Provided information section start
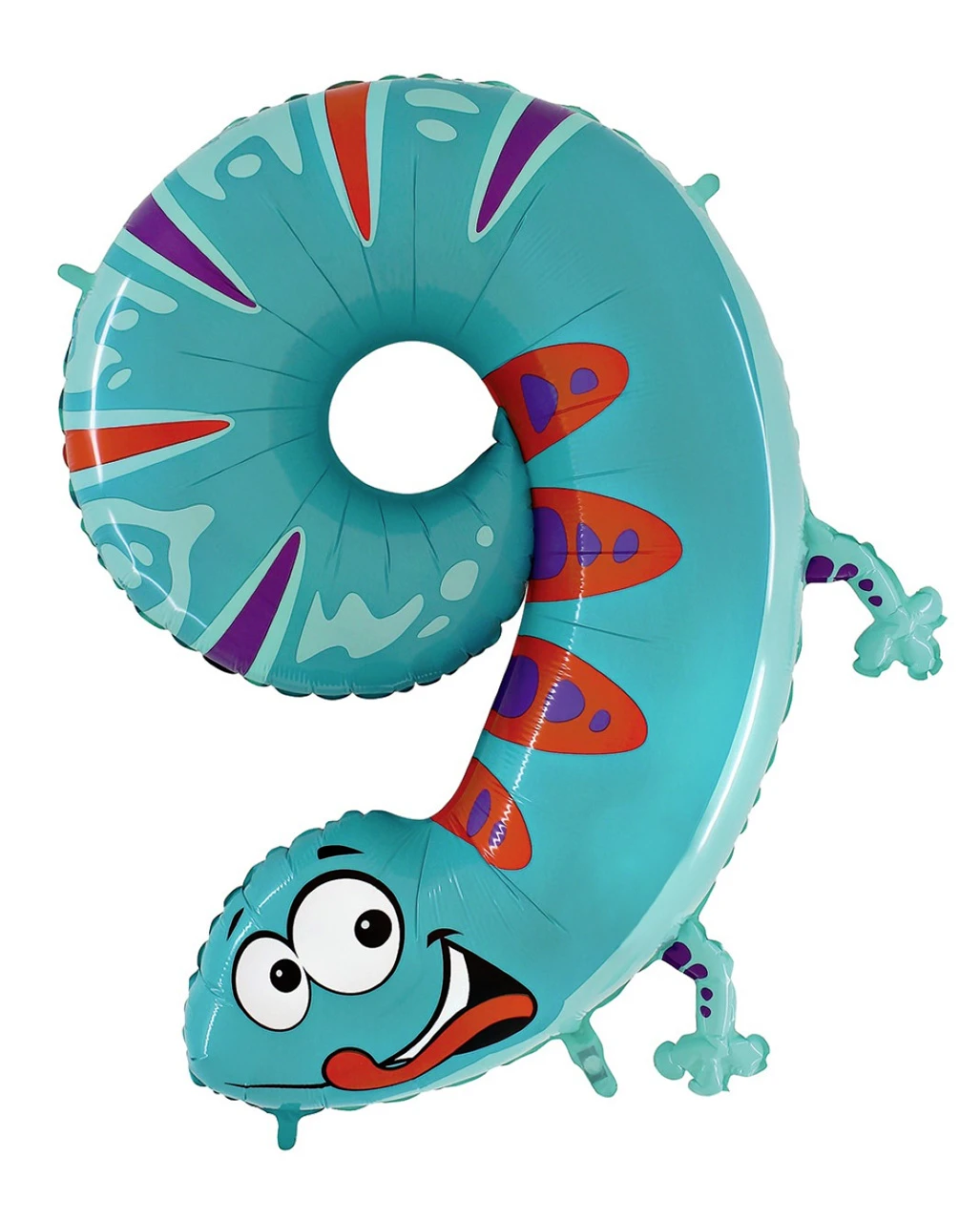 Der Animaloon Zahl 9 Eidechse ist ein süßer Geburtstags Folienballon für Reptilienfreunde. Mit dem bunten Gecko feierst du deinen 9. Geburtstag oder ein anderes 9-jähriges Jubiläum und wirst dabei von einem süßen Reptil angelächelt. Der Geburtstagsballon mit der „Neun“ ist durch das süße Tiermotiv perfekt für Kindergeburtstage.
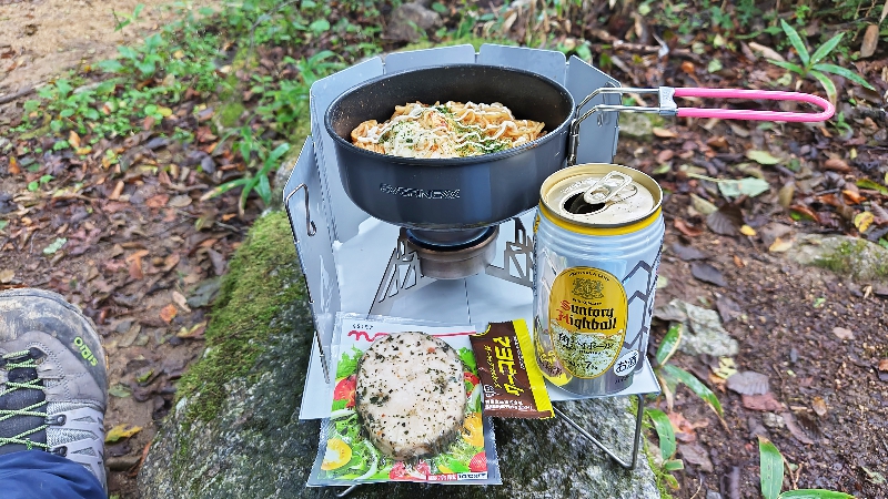 私も料理(というよりひとり男山飯)に憧れてクッカーとアルコールストーブを買い、男山飯を作っています。人が多い時は、レジャーシートを敷いて折りたたみのテーブルを安定した場所に設置して、テーブルの上で料理をしています。クッカーでお湯を沸かし、具だくせん焼きそばを作り、ほろ酔い気分。最後にドリップコーヒーでまったりと時間を過ごしています。仮眠をしたり、ぼんやりとひとりでアイデア出し、考えを整理したりして時間を過ごしています。
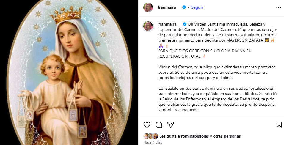 Días atrás había publicado una fotografía de la Virgen del Carmen, también pidiendo oraciones por su bienestar, gesto que recibió múltiples mensajes de apoyo por parte de sus seguidores.
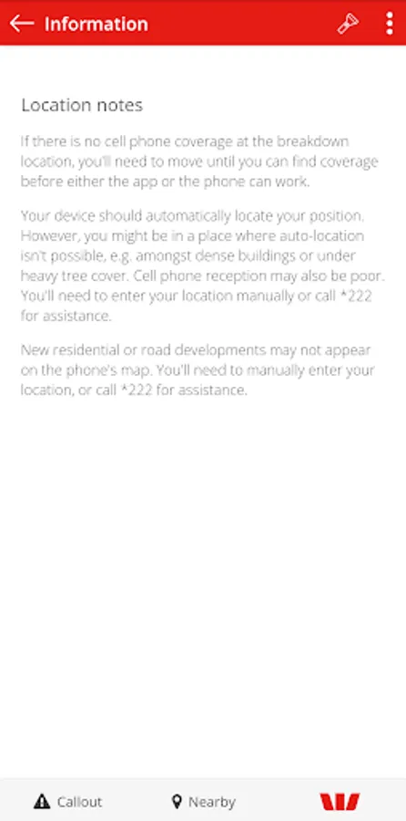 Once setup, use the app anytime to request a callout. Simply advise what help you need and the app will automatically locate you using your phone's GPS. There are also quick links to help you locate nearby services, turn on the flashlight and access our website.
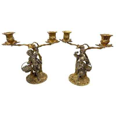 Pair Asprey's solid silver and gilt Candelabra, 8.5"(22cm) high
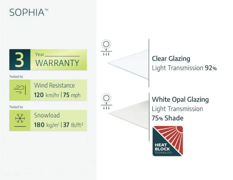 A minőségi anyagokból készült masszív Palram Sophia 2150 és Sophia 1600 modern és letisztult formájával esztétikusan emeli a homlokzat fényét. Könnyen és egyszerűen összeszerelhető és szerelhető a mellékelt szerelvényekkel. Rendkívül tartós és masszív lombkorona. Minden évszakban védi a bejáratot az időjárástól. Az erős, strapabíró és átlátszó 4 mm-es tetőpanel ellenáll a káros UV sugárzásnak. Erős alumínium profilok és horganyzott acél tartókonzolok porszórt bevonattal, sötétszürke színben. Csavar nélküli tetőszerkezet, amelyet kifejezetten az eső/harmatszivárgás megelőzésére fejlesztettek ki.
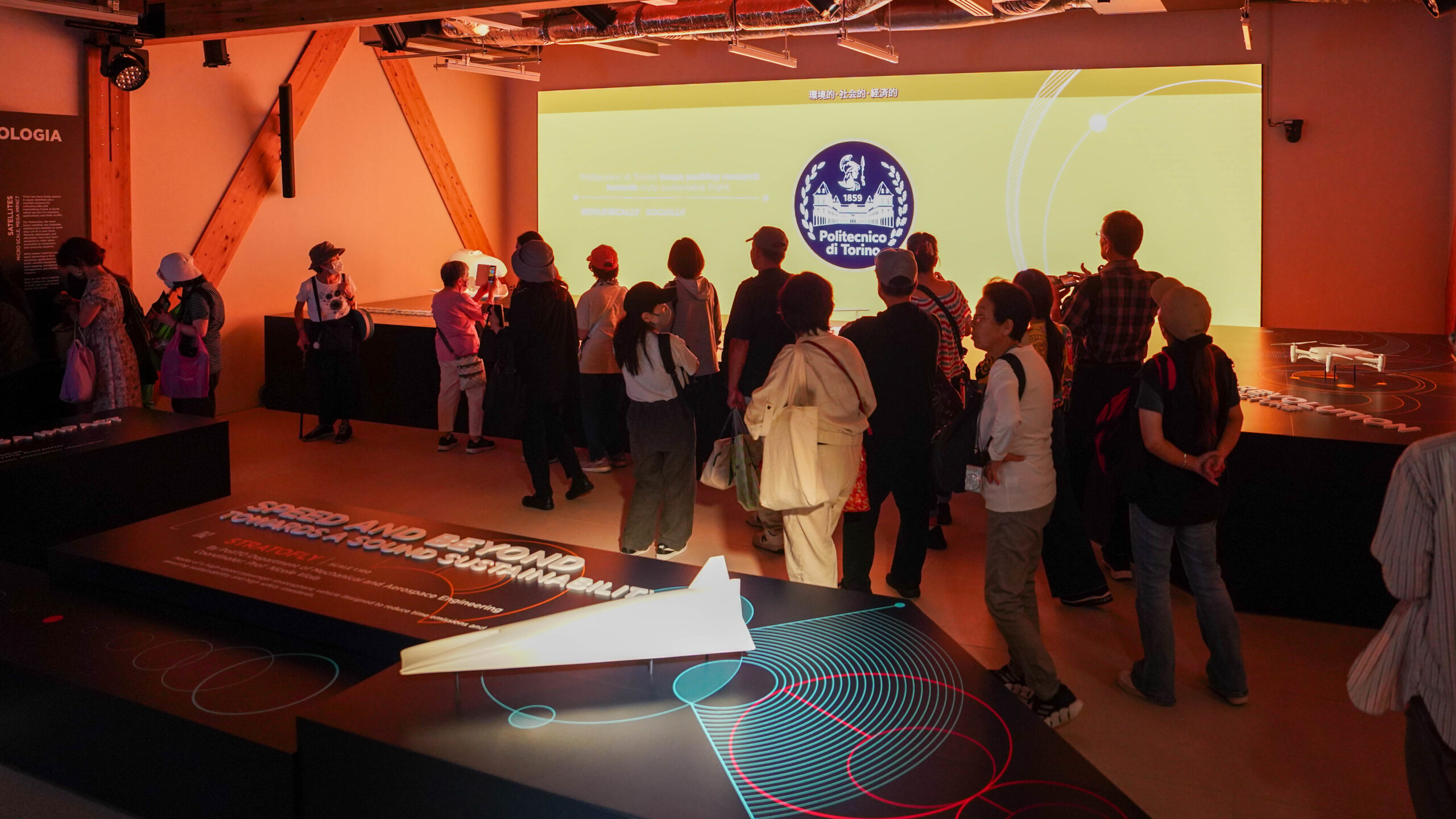 The exhibition, entitled “Flying: Where Dreams Meet Technology”, will take visitors on a journey through prototypes, videos, and stories, exploring the frontiers of Politecnico aerospace research: from urban drones to stratospheric aircraft, to satellites and their applications on Earth. Research projects from various departments and student teams contributed to the exhibition, which is organized into a narrative comprising five chapters. These chapters guide visitors from the latest developments in urban and local transportation to intercontinental flights and space travel, always with an emphasis on sustainability. The exhibition design, curated by DAD, has arranged the multifunctional space of the pavilion to ensure that the exhibition and talks can coexist and complement one another.
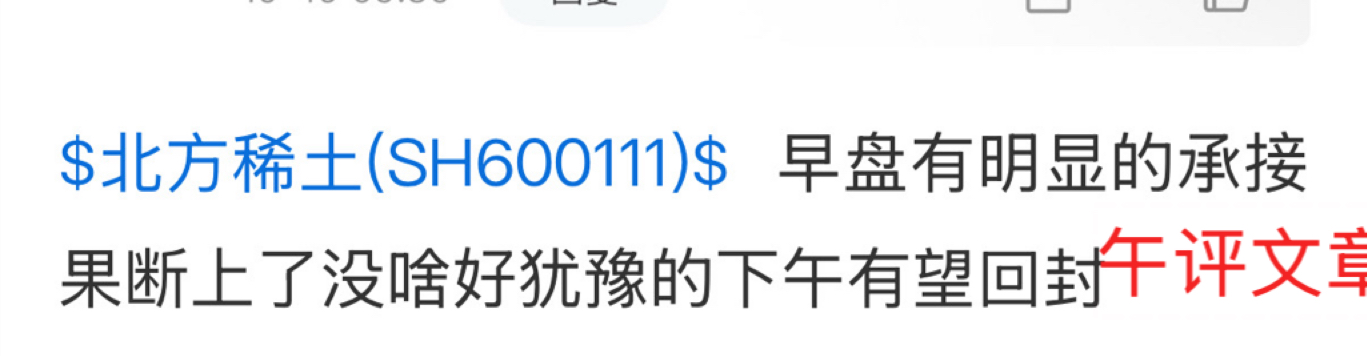 $北方稀土(SH600111)$ 怎么说午评马前炮再次认证了~实力永远是我最好的底气、在大环境不好的情况下 丝毫不影响咱们吃肉肉 有灰色很正常能马上调整心态继续盈利那就是实力!关注我你会发财的
Provided information section end
§ **Problem to solve**
Please print the data above in its entirety, exactly, but without any picture.

§ **Reply**
 Der Animaloon Zahl 9 Eidechse ist ein süßer Geburtstags Folienballon für Reptilienfreunde. Mit dem bunten Gecko feierst du deinen 9. Geburtstag oder ein anderes 9-jähriges Jubiläum und wirst dabei von einem süßen Reptil angelächelt. Der Geburtstagsballon mit der „Neun“ ist durch das süße Tiermotiv perfekt für Kindergeburtstage.
 私も料理(というよりひとり男山飯)に憧れてクッカーとアルコールストーブを買い、男山飯を作っています。人が多い時は、レジャーシートを敷いて折りたたみのテーブルを安定した場所に設置して、テーブルの上で料理をしています。クッカーでお湯を沸かし、具だくせん焼きそばを作り、ほろ酔い気分。最後にドリップコーヒーでまったりと時間を過ごしています。仮眠をしたり、ぼんやりとひとりでアイデア出し、考えを整理したりして時間を過ごしています。
 Días atrás había publicado una fotografía de la Virgen del Carmen, también pidiendo oraciones por su bienestar, gesto que recibió múltiples mensajes de apoyo por parte de sus seguidores.
 Once setup, use the app anytime to request a callout. Simply advise what help you need and the app will automatically locate you using your phone's GPS. There are also quick links to help you locate nearby services, turn on the flashlight and access our website.
 Pair Asprey's solid silver and gilt Candelabra, 8.5"(22cm) high
 A minőségi anyagokból készült masszív Palram Sophia 2150 és Sophia 1600 modern és letisztult formájával esztétikusan emeli a homlokzat fényét. Könnyen és egyszerűen összeszerelhető és szerelhető a mellékelt szerelvényekkel. Rendkívül tartós és masszív lombkorona. Minden évszakban védi a bejáratot az időjárástól. Az erős, strapabíró és átlátszó 4 mm-es tetőpanel ellenáll a káros UV sugárzásnak. Erős alumínium profilok és horganyzott acél tartókonzolok porszórt bevonattal, sötétszürke színben. Csavar nélküli tetőszerkezet, amelyet kifejezetten az eső/harmatszivárgás megelőzésére fejlesztettek ki.
 The exhibition, entitled “Flying: Where Dreams Meet Technology”, will take visitors on a journey through prototypes, videos, and stories, exploring the frontiers of Politecnico aerospace research: from urban drones to stratospheric aircraft, to satellites and their applications on Earth. Research projects from various departments and student teams contributed to the exhibition, which is organized into a narrative comprising five chapters. These chapters guide visitors from the latest developments in urban and local transportation to intercontinental flights and space travel, always with an emphasis on sustainability. The exhibition design, curated by DAD, has arranged the multifunctional space of the pavilion to ensure that the exhibition and talks can coexist and complement one another.
 $北方稀土(SH600111)$ 怎么说午评马前炮再次认证了~实力永远是我最好的底气、在大环境不好的情况下 丝毫不影响咱们吃肉肉 有灰色很正常能马上调整心态继续盈利那就是实力!关注我你会发财的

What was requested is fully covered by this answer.